[Items from a dataset]
● ● ● ●
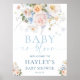 This baby shower welcome sign features a blue spring floral design. The script heading is an image that cannot be edited. All of the other text is fully editable. For more advanced customization of this design, simply select the "Customize It" button above.
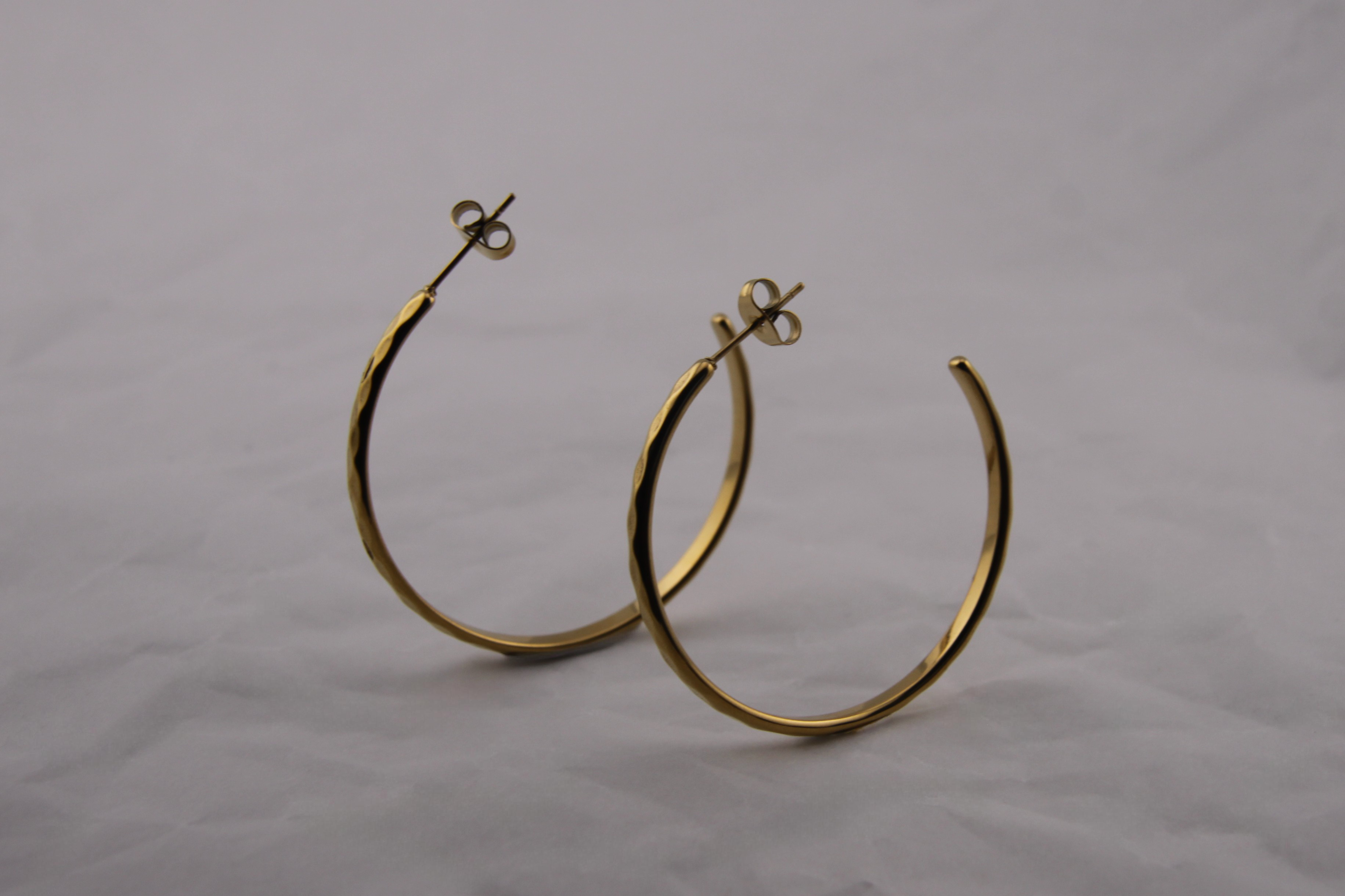 Argolas em aço inoxidável dourado com acabamento liso, que lhes confere um visual moderno e elegante. Equipadas com fecho borboleta para maior segurança e conforto no uso diário. O design versátil destas argolas faz delas um acessório indispensável no dia-a-dia.
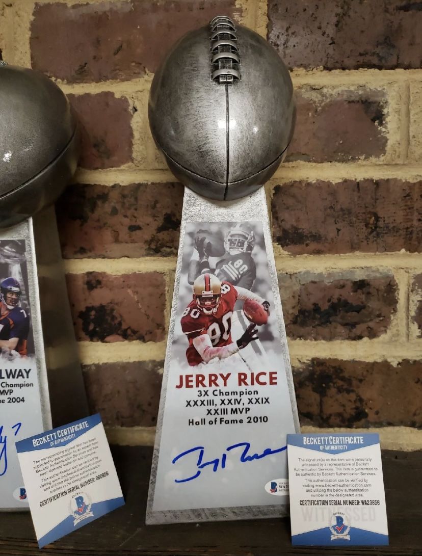 COA- Beckett | autographed Vince Lombardi replica trophies San Francisco 49ers HOF WR Jerry Rice $250 Denver Broncos HOF QB John Elway $250 New York Giants HOF LB Lawrence Taylor $300
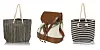 FRA VENSTRE: Brunstripete veske fra Nelly (kr 99), trendy ryggsekk fra Topshop (kr 292), marinestripete veske fra Nelly (kr 99).Foto: produsenten
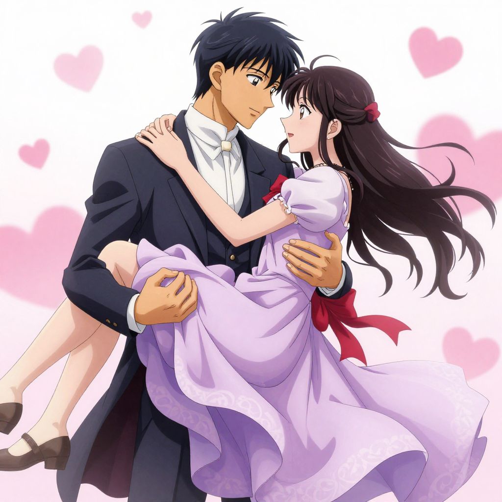 Romantic anime characters embrace tenderly against a backdrop of floating pink hearts, with the man in a formal suit cradling the woman in a flowing lavender dress adorned with a red bow.
● ● ● ●
> _Problem requirements_: Your copy should match the data exactly, apart from the images, which are dropped.

> _Finished exercise_:
 This baby shower welcome sign features a blue spring floral design. The script heading is an image that cannot be edited. All of the other text is fully editable. For more advanced customization of this design, simply select the "Customize It" button above.
 Argolas em aço inoxidável dourado com acabamento liso, que lhes confere um visual moderno e elegante. Equipadas com fecho borboleta para maior segurança e conforto no uso diário. O design versátil destas argolas faz delas um acessório indispensável no dia-a-dia.
 COA- Beckett | autographed Vince Lombardi replica trophies San Francisco 49ers HOF WR Jerry Rice $250 Denver Broncos HOF QB John Elway $250 New York Giants HOF LB Lawrence Taylor $300
 FRA VENSTRE: Brunstripete veske fra Nelly (kr 99), trendy ryggsekk fra Topshop (kr 292), marinestripete veske fra Nelly (kr 99).Foto: produsenten
 Romantic anime characters embrace tenderly against a backdrop of floating pink hearts, with the man in a formal suit cradling the woman in a flowing lavender dress adorned with a red bow.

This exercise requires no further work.